Optimization of SNEDDS

In recent times, various statistical designs have been used to even more expertly enhance strategy using less experimentation and estimate the significance of independent variables. There are various tools for statistical optimization. Among them, D-optimal mixture design is one of the most standard surface methodologies for their optimization since it confines the distinction identified with assessment of coefficient in model and conveys the perfect subset by considering measures for enhancing statistics grid determinant. In this design, complete arrangement of formulation is considered as 100%, while other designs do not consider it.35,36

The concentrations of Capmul MCM EP (X1), Tween 20 (X2) and Transcutol P (X3) were considered as independent variables for the formulation of SNEDDS with the least droplet size (Y1), maximum %CDR (Y2) and self-emulsification time (Y3) as dependent variables. The design of experiment (DoE) which aids in analyzing and recording the dependent variables (Y) as outcomes (Design Expert ® Software 10) was employed for harmonization of regression equation for calculation of the dependent variables.37 Three equations of regression and desirability index helped in the selection of the optimized SNEDDS formulation.

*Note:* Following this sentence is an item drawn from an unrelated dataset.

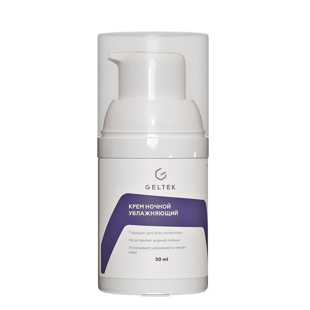 Ночной увлажняющий крем с пантенолом и протеинами шёлка Geltekсмягчает, питает и восстанавливает кожу во время сна, замедляет старение и поддерживает эластичность. Продукт предотвращает сухость, успокаивает и стимулирует восстановление, отлично подходит для вечернего ухода для всех типов кожи. Содержит масла сладкого миндаля и ши, протеины шёлка, пантенол, гиалуроновую кислоту и сок листьев алоэ.

Evaluation of Globule Size

For this analysis, optimized SNEDDS formulation was diluted (1:100 w/v) with purified water and mixed for 1 minute prior to investigating this parameter. Zetasizer ZS of nano series; Malvern Instruments, Malvern, UK was utilized for the measurement of these parameters that is based on photon correlation spectroscopy.38

Dissolution Study

In this, 900 mL of pH 6.6±0.05 sodium citrate buffer media of 0.05M at 37°C±0.5°C was used in paddle type dissolution apparatus (Distek, USA) at 50 rpm. The capsules filled with SNEDDS (equivalent to 20 mg of rosuvastatin in capsule) were added into the cradle media ensuing to starting the revolution of paddle. Aliquots (5 mL) were collected after 30 minutes and examined via UV-spectrophotometer (UV 1700, Shimadzu, Japan) at λmax 242 nm. This analysis was performed in triplicate.39

Self-Emulsification Time

Based on the reported method, this study was done on every developed formulation. In brief, 1 g formulation of SNEDDS was incorporated in 500 mL of purified water and a magnetic stirrer (Remi, Mumbai) was used for agitation of 100 rpm. Time taken for development of nano-emulsion and dispersibility was recorded.40


In view of enhancement results, optimized SNEDDS was picked to complete characterization and more evaluation parameters.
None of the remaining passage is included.